### What the exercise asks
Using the data below, return the stretch from the line that contains "复试包括专业知识考核(笔试) 、及面试 (英语能力测试和综合能力测试)。" through the line that contains "5月27日下午,由徐州市委网", both included, exactly as it stands and nothing beyond it.

### Input data
━━━━━━━━━━━━━━━━━━━━━━━━━━━━━━
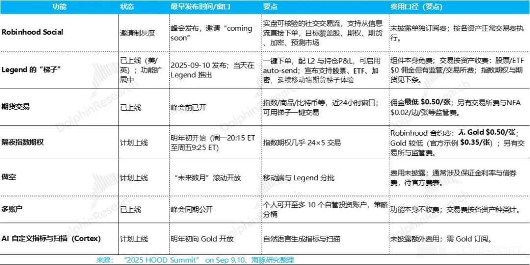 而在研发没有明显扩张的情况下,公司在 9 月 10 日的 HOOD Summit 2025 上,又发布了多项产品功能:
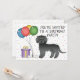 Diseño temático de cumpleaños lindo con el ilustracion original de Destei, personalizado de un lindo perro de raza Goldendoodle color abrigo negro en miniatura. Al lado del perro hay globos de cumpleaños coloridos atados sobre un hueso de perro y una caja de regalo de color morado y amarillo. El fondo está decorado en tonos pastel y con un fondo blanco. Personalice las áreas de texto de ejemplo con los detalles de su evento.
━━━━━━━━━━━━━━━━━━━━━━━━━━━━━━
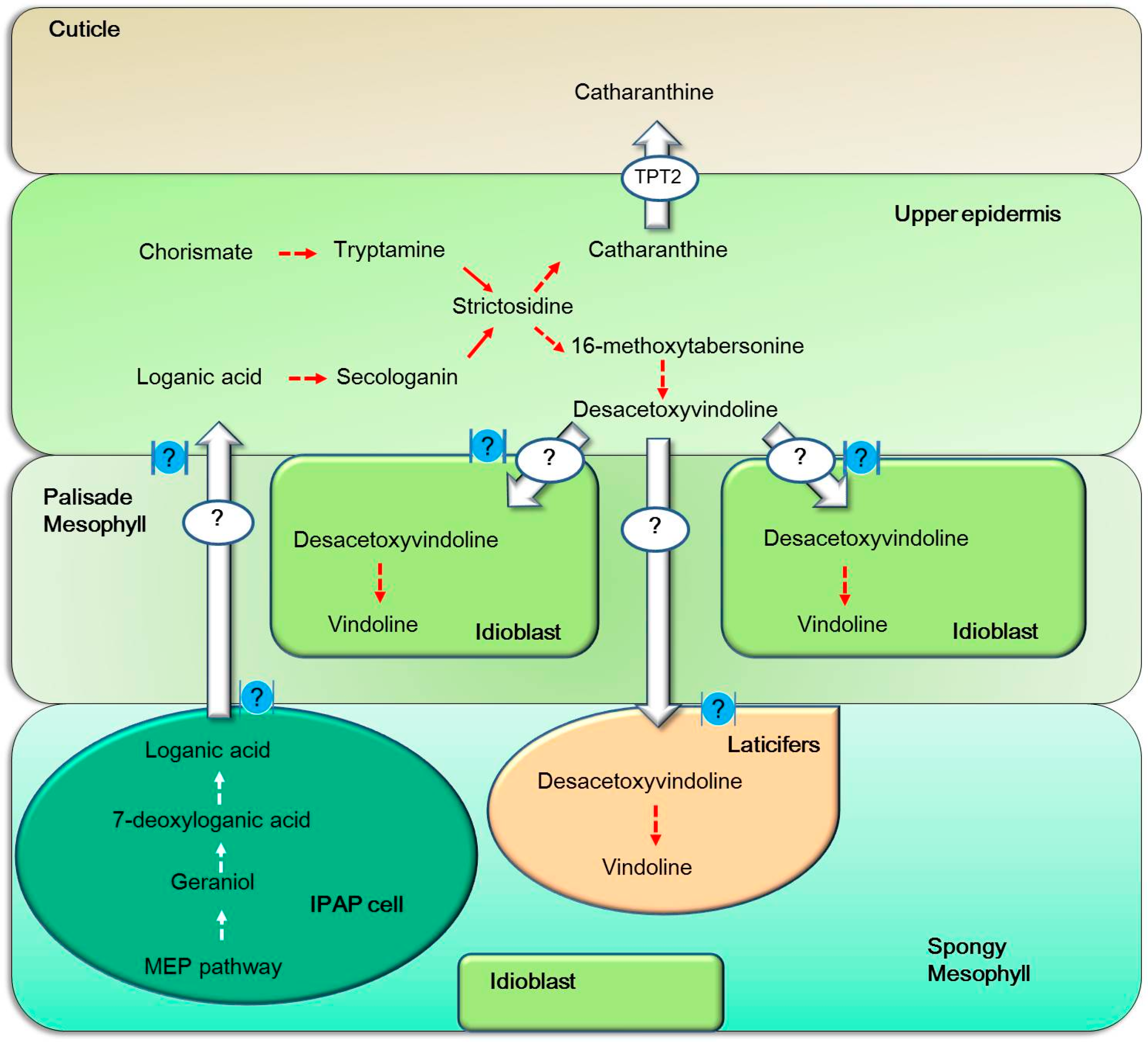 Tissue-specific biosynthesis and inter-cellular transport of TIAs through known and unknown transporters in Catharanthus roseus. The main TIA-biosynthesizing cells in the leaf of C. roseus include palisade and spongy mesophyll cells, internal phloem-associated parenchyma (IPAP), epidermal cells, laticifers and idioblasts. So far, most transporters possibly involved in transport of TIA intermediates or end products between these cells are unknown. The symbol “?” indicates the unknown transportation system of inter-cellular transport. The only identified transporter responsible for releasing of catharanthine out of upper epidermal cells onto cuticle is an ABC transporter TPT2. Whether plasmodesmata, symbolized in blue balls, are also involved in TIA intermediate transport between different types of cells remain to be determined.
━━━━━━━━━━━━━━━━━━━━━━━━━━━━━━
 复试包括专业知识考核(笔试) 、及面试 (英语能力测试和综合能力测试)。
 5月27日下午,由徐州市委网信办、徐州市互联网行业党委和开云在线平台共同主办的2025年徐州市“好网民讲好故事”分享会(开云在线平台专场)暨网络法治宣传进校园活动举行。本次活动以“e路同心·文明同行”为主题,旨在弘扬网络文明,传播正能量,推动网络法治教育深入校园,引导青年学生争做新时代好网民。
━━━━━━━━━━━━━━━━━━━━━━━━━━━━━━
### Task answer
 复试包括专业知识考核(笔试) 、及面试 (英语能力测试和综合能力测试)。
 5月27日下午,由徐州市委网信办、徐州市互联网行业党委和开云在线平台共同主办的2025年徐州市“好网民讲好故事”分享会(开云在线平台专场)暨网络法治宣传进校园活动举行。本次活动以“e路同心·文明同行”为主题,旨在弘扬网络文明,传播正能量,推动网络法治教育深入校园,引导青年学生争做新时代好网民。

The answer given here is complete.